Brussels, 11/09/2003 (Agence Europe) - The lawyers defending Yves Franchet, former Eurostat Director General suspended from his post in July this year by the European Commission after his alleged involvement in financial misappropriation, have decided to fight back. According to information reported in the press, they say that the Commission could not have discovered Eurostat management in May 2003 as the internal audit reports made during the current Commission were sent to the central control services of the European Commission early 2000. Such arguments could carry a great deal of weight during the meeting scheduled for 25 September in Strasbourg between Romano Prodi and the members of the conference of presidents of the political groups of the European Parliament.
Furthermore, Mr Franchet and Daniel Byk (director of one the services within this body) filed a complaint in July with the Ombudsman against the Commission and OLAF for "bad administration". The two men refused to be "treated like scapegoats to pay for crimes that they did not commit", their legal representatives write. The latter stress that all the investigations in progress are based on the conclusions of internal audit reports carried out between 1998 and 2001 at the request of Yves Franchet. "None of these reports allows it to be concluded that Community funds were used for purposes other than for Eurostat, and therefore not for the personal gain of officials either", the lawyers say. They go on to add that the recommendations contained in these reports were implemented and that the Commission's control services had the matter referred to them but did not react.

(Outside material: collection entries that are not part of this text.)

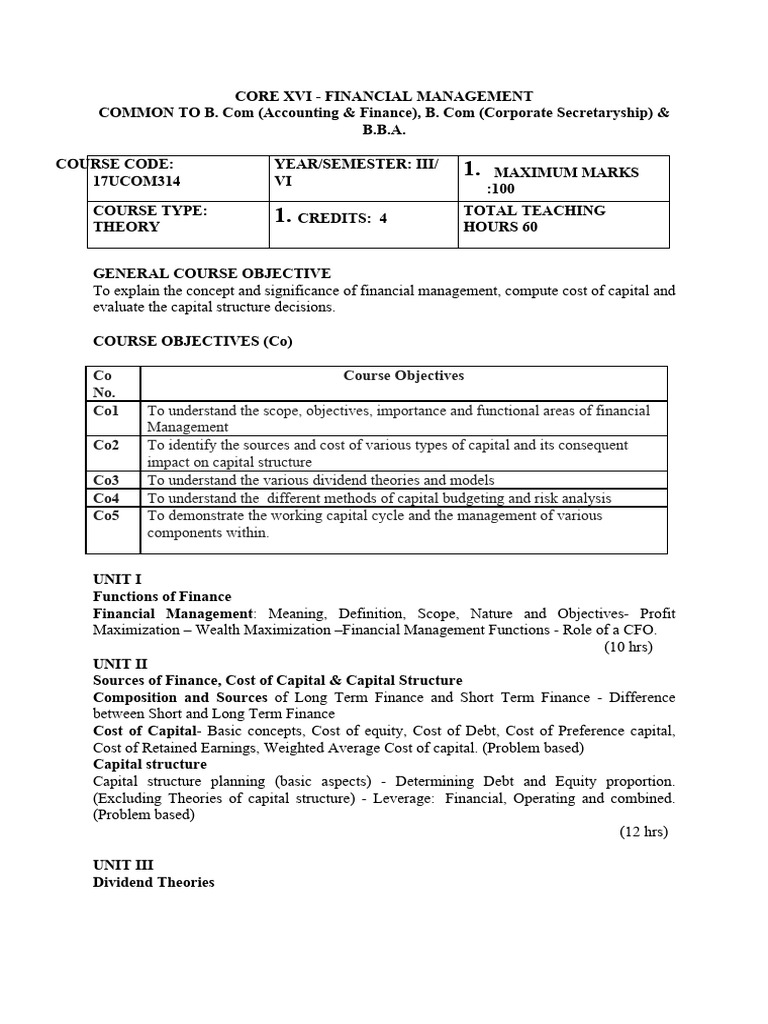 Co1 To understand the scope, objectives, importance and functional areas of financial
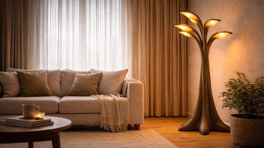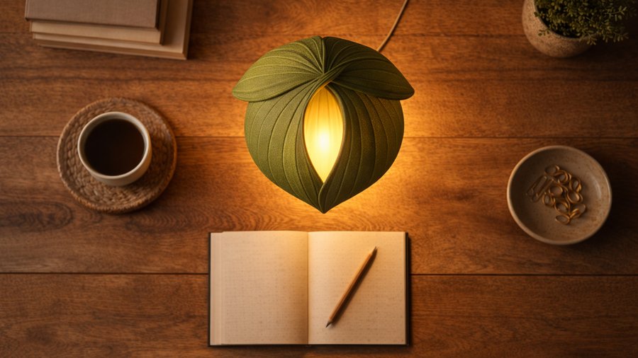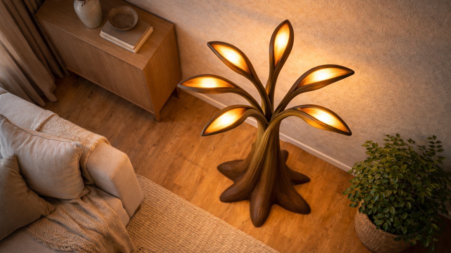 Форма светильника построена на плавном S-образном изгибе, напоминающем момент, когда росток пробивается из земли и тянется к свету. Мягкие линии и постепенное расширение основания создают ощущение естественного роста и устойчивости, а направленный тёплый свет подчёркивает образ живого, развивающегося организма.
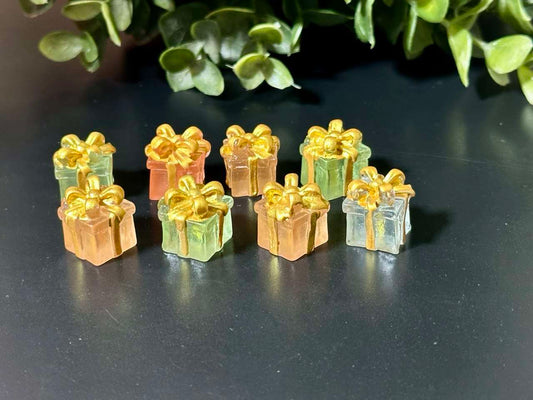 Mini Gift Box Charms – Transparent Resin with Gold Bow
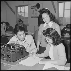 In 1942, when Saijo was 15 years old, he and his family were removed from their California home and imprisoned at Pomona Assembly Center, then transferred to Heart Mountain Relocation Center, as part of the U.S. government's program of Japanese American internment.[1][3] While at Heart Mountain Saijo attended high school and worked as a janitor.[4] In 1942, Saijo began to write for his high school newspaper, the Heart Mountain Echoes.[5] His first feature article, entitled "Me and December 7", was published on the first anniversary of the 1941 Attack on Pearl Harbor, and addressed his memories of shock and disorientation surrounding the attack, and his fears that he would be treated differently by non-Japanese friends and teachers as a result.[6] The article also argued against the significance of race and expressed opposition to the Nazi theory of the master race.[7] In his writing of this period, Saijo expressed a commitment to the United States as a melting pot and support for those who volunteered for the U.S. Armed Forces.[8] The historian Michael Masatsugu has argued that while Saijo did challenge the racial essentialist construction of Japanese Americans that was used to justify their internment, his arguments regarding the irrelevance of race and his call for Japanese Americans to assimilate were consistent with the approach of the War Relocation Authority (WRA).[8] Masatsugu observes that this was not a coincidence: Saijo and other writers were supervised by WRA officials, and Masatsugu argues that this supervision was a form of surveillance and censorship.[8]
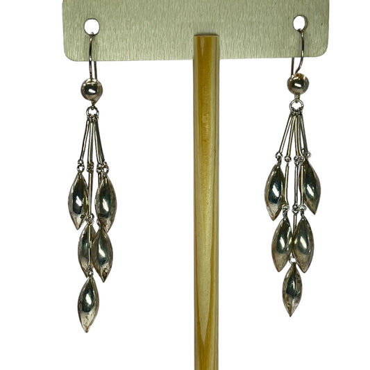Vtg Mexico Hollow Multi Drop Fringe Silver Earrings Long Dangle Drop Bohemian
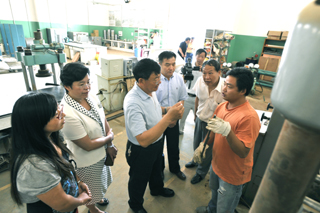 在参观开云官网建筑材料、轨道交通、流体力学、烹饪等实验室中,杨应楠副主任一行边参观边仔细听取梁书记、陈校长就开云官网特色学科专业建设情况介绍。在参观中,省市领导每到一个实验室,都要向实验室教师了解实验室的建设情况,并饶有兴致地听取对设备功能及流程的介绍。
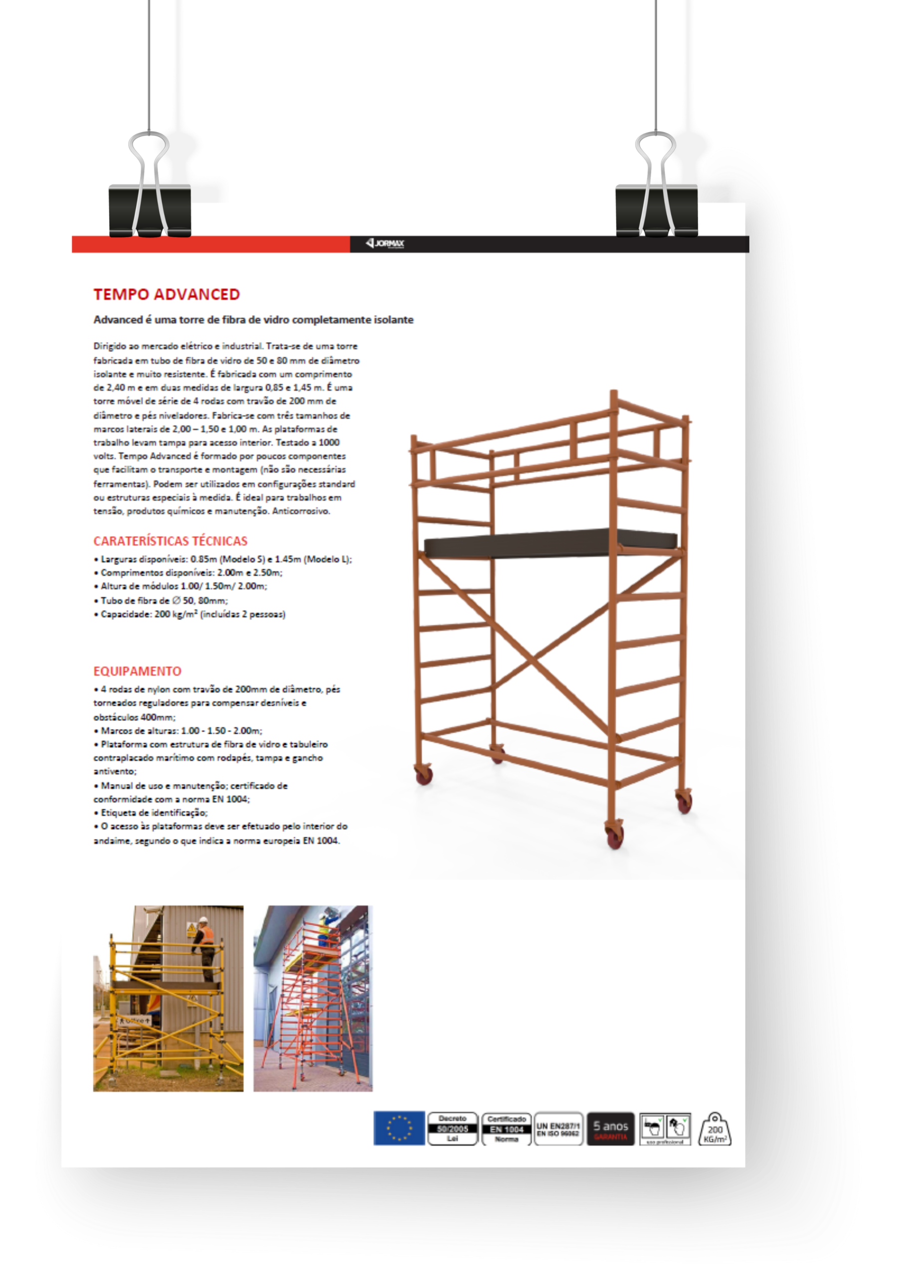 Dirigido ao mercado elétrico e industrial. Trata-se de uma torre fabricada em tubo de fibra de vidro de 50 e 80 mm de diâmetro isolante e muito resistente. É fabricada com um comprimento de 2,40 m e em duas medidas de largura 0,85 e 1,45 m. É uma torre móvel de série de 4 rodas com travão de 200 mm de diâmetro e pés niveladores. Fabrica-se com três tamanhos de marcos laterais de 2,00 – 1,50 e 1,00 m. As plataformas de trabalho levam tampa para acesso interior. Testado a 1000 volts. Tempo Advanced é formado por poucos componentes que facilitam o transporte e montagem (não são necessárias ferramentas). Podem ser utilizados em configurações standard ou estruturas especiais à medida. É ideal para trabalhos em tensão, produtos químicos e manutenção. Anticorrosivo.
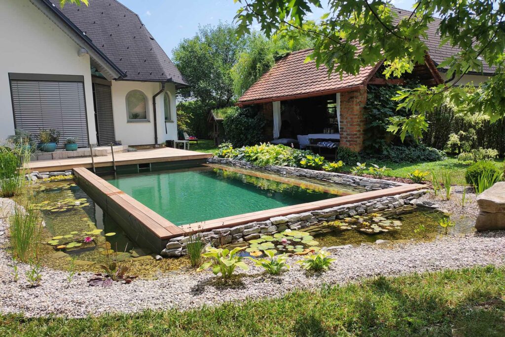 Za mnoge je idealno rješenje kombinacija oba sustava. U praksi to znači da uz prirodni bazen, čija je voda namijenjena za plivanje i ostaje potpuno čista, također postavljamo i zasebano jezero ili biotop koji funkcionira kao prirodni vrtni element. Jezero nadopunjuje bazen biljkama, vodeni cvijećem i malim životinjama koje mu daju pokret i život.
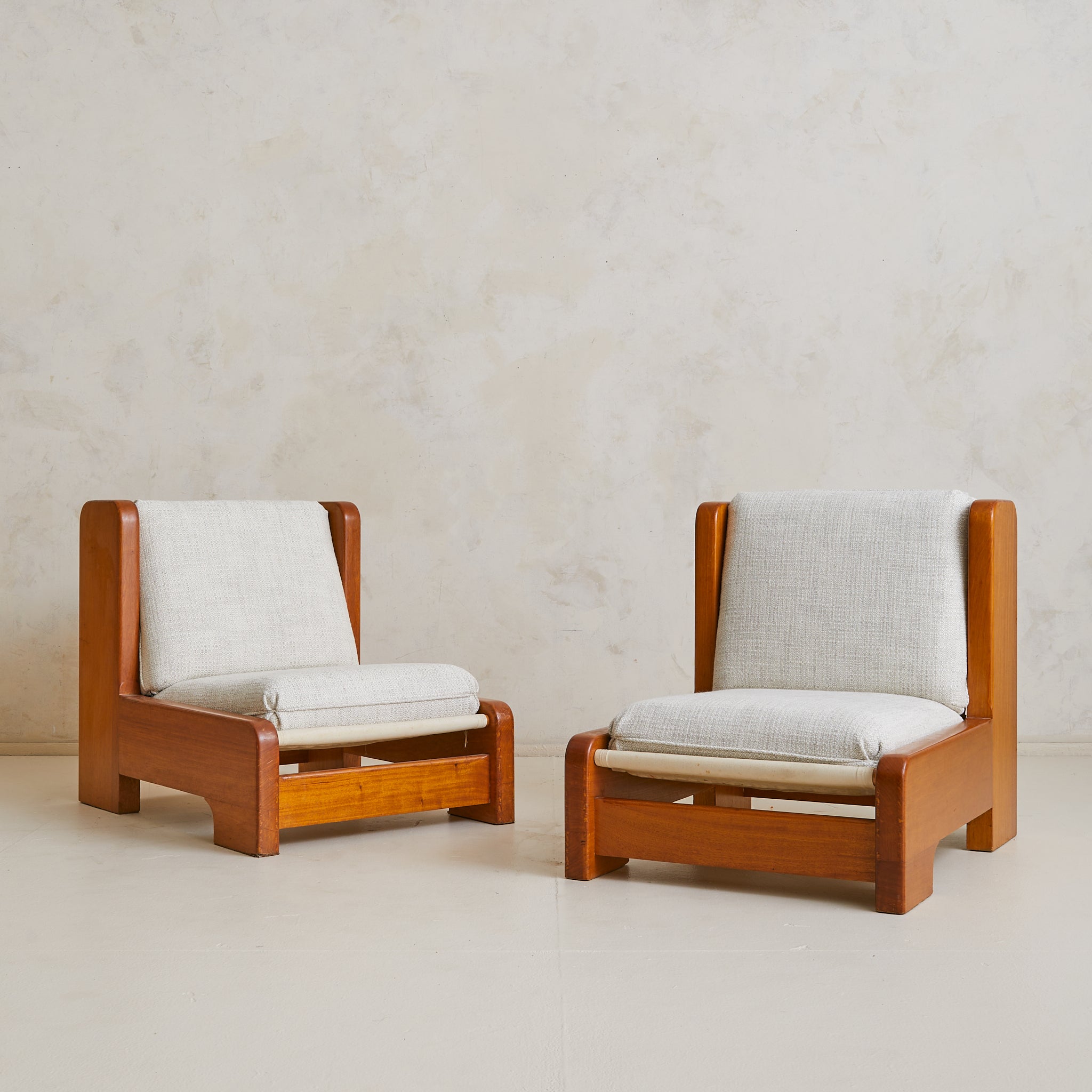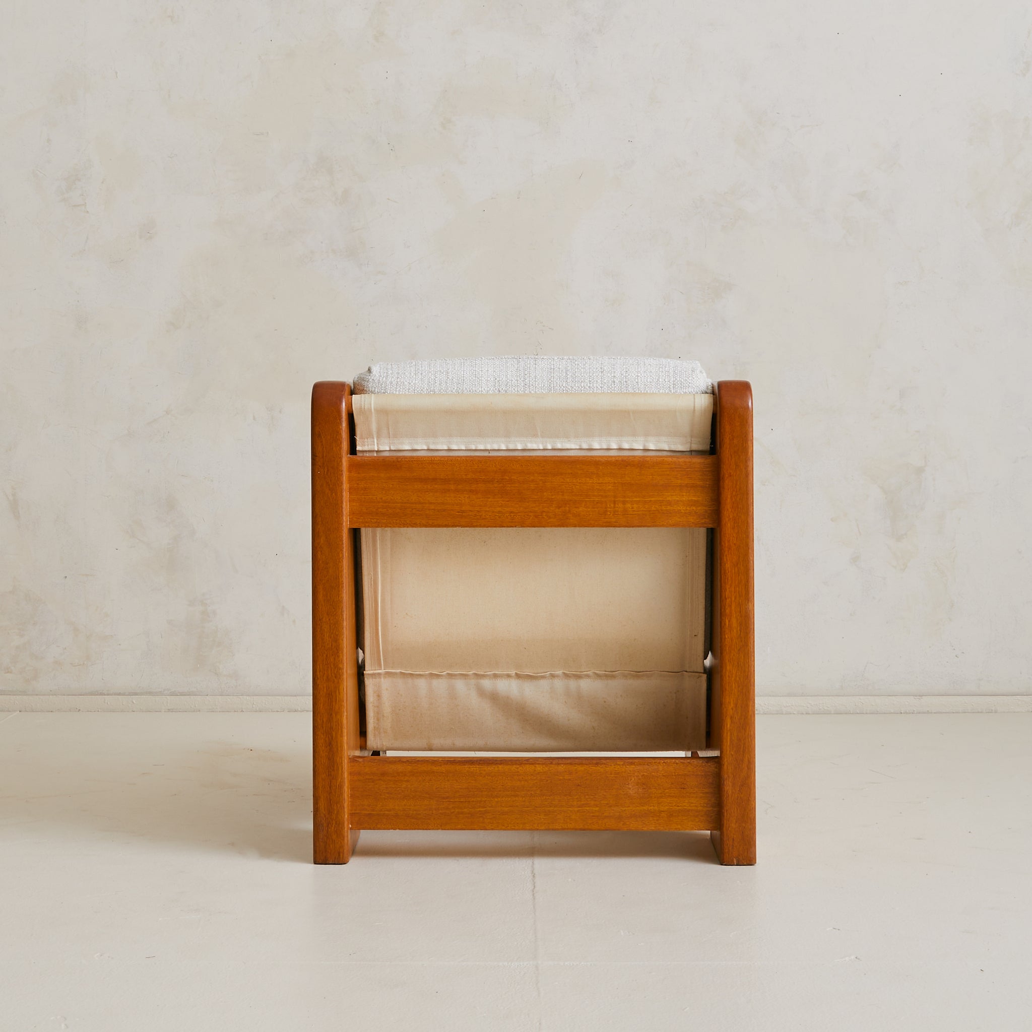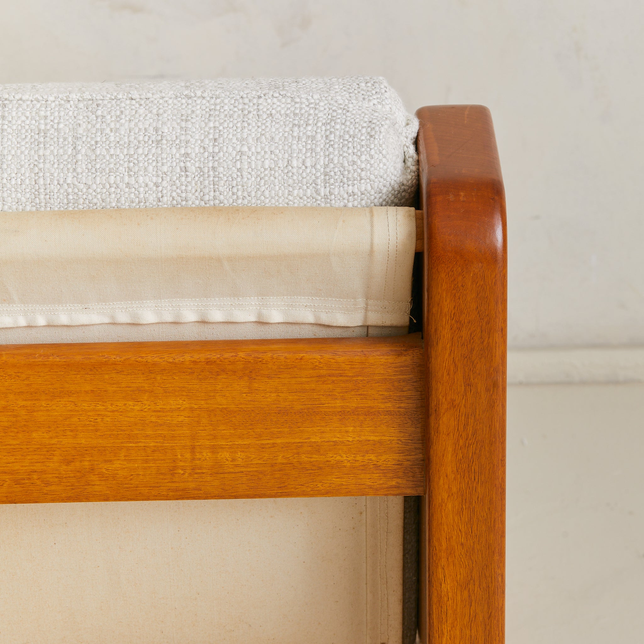 Newly upholstered in a mottled ivory and sand bouclé, the cushions are generous yet tailored, offering contrast against the warm tone of the wood. Crafted with an architect’s eye for line, joinery, and scale, the chair is equally suited to a reading corner or styled as a pair to anchor a conversation area.

Speaking for his defence, Mr Franchet recalls that Eurostat has, over the past fifteen years, had to face an exponential increase in its workload with the coming of the euro and enlargement, and that given the repeated refusal on the part of the Commission to grant it more resources, Eurostat has had to "outsource" certain tasks, either to national statistical offices or to private firms. According to the lawyers, Eurostat's calls for tenders for work with outside firms were approved by the relevant Commission service and the financial audit approved payment to these firms. We recall that, at the heart of the problem lies the use by Eurostat of private sub-contractors for marketing its statistics, such as the French company Planistati, with which all contracts were suspended to give enough time to complete the inquiries.